= Foreign relations of the Ryukyu Kingdom =

Territorial extent of the Ryukyu Kingdom.

The foreign relations of the Ryukyu Kingdom were shaped through heavy mutual contact and trade with surrounding nations, most notably Japan and China. The influence exerted by both of these nations differ throughout each era of Ryukyuan history. To a lesser extent, other nations played a role in Ryukyuan diplomacy.

== History ==

=== Sanzan period ===
In 1372, a Ming official named Yang Zai traveled to Okinawa, which at the time was split among local lords. Satto, the lord of Chūzan, was successfully persuaded by Yang Zai to open formal tributary ties with the Ming dynasty. As a result of this, the Chinese court recognized Satto as a king of Ryukyu for diplomatic purposes.

In addition to trade with China, the Ryukyu Kingdom also traded in Southeast Asia to gain materials such as pepper and sappanwood, which weren't locally produced in the Ryukyu Islands. Areas that traded with the Ryukyuans include Siam, Java, Malacca, Sumatra, etc. Additionally, this network allowed indirect product exchange between China and Southeast Asia.

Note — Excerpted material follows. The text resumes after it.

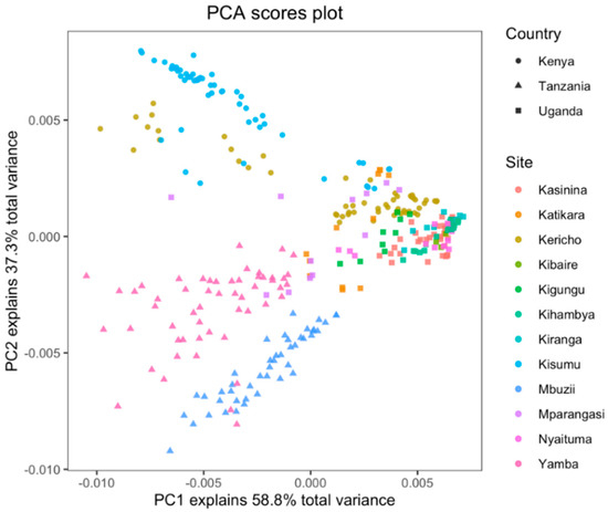 The PCA similarity maps of PC1 and PC2 made using the raw spectra show a clustering of soil samples among the spectra from various sampling counties in Kenya, Uganda and Tanzania (Figure 1). Further, there is a clear overlap of various spectra from sampling sites in Uganda. The clustering of soil samples could explain the effect of geographical origin of soil samples on NIR spectroscopy analysis when assessing both physical and chemical soil properties. Soil samples from the Mbuzii area in Tanzania were grouped away from Yamba soils samples using PC1, indicating that the largest contribution to variance in soil characteristics from Tanzania could be from these two regions from which the soil samples were taken. Although the Kenyan soil samples could not be discriminated using PC1, the samples were grouped separately according to the sampling site in PC2. There was no distinguishable variation profile amongst soil samples from Uganda to discriminate different sampling sites (Figure 1). These findings show that the primary sources of spectral variance are differences in soil types and that PCA may be used to distinguish sites but not land-use type.

Records dating to the year 1390 show the aji of the Miyako Islands paying tribute to Chūzan in return for its protection, allowing for Miyakoan sailors to raid the nearby Yaeyama Islands.

=== Pre-Satsuma ===
Following the unification of Okinawa Island under Chūzan in 1429, Ryūkyū as a country saw its establishment as a Shuri-centered kingdom. Tributary ties with China remained in place following this event. By the 16th century, the Ryukyu Kingdom controlled the outlying Sakishima and Amami Islands.

The Ryukyu Kingdom and the Satsuma Domain had soured ties over territorial disputes in the Satsunan Islands. Tokugawa Ieyasu had also asked Ryukyu to become his tribute, though to no avail. Another diplomatic quarrel occurred when the Japanese asked Ryukyu to support them in the Japanese invasions of Korea by sending supplies. Ryukyu only sent around half of what was demanded, partially due to its close ties with China, which at the time was currently fighting Japan at the Korean peninsula.

=== Post-Satsuma ===
In 1609, the Satsuma Domain launched an invasion of the Ryukyu Kingdom following decades of rising tensions. This war, authorized by Tokugawa, resulted in a decisive Satsuma victory. The result forced Ryukyu to pay tribute to Satsuma while also giving up the Satsunan Islands.

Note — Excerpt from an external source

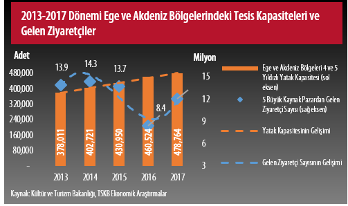 Artan ziyaretçi hacmiyle birlikte büyüyen konaklama kapasitesi, tesislerin yaz aylarında kapasitelerini doldurmalarına müsaade etse de, geriye kalan aylarda atıl vaziyette kalan oda kapasitesinin de artmasına sebep oluyor. Benzer konseptte her yeni açılan tesisin; rekabet koşulları gereği nispeten daha eski tesislerden talep kaymalarına yol açtığı, talep toplamak adına da sektör genelinde fiyatlama stratejilerini aşağı yönlü etkilediği biliniyor.

Satsuma initially promoted the introduction of Japanese culture into the Ryukyu Kingdom. This idea was later reversed due to the desire of keeping Ryukyu's appearance as an independent nation. This was done in order to appease China, which would've severed its trade with Ryukyu if it were to find out its vassalage to Japan. Common methods used to conceal Ryukyuan ties to Satsuma included a ban on Japanese cultural or physical expression. Under this loophole, Satsuma was able to profit off of Chinese trade in the region despite the lack of tributary ties between the Ming Dynasty and mainland Japan.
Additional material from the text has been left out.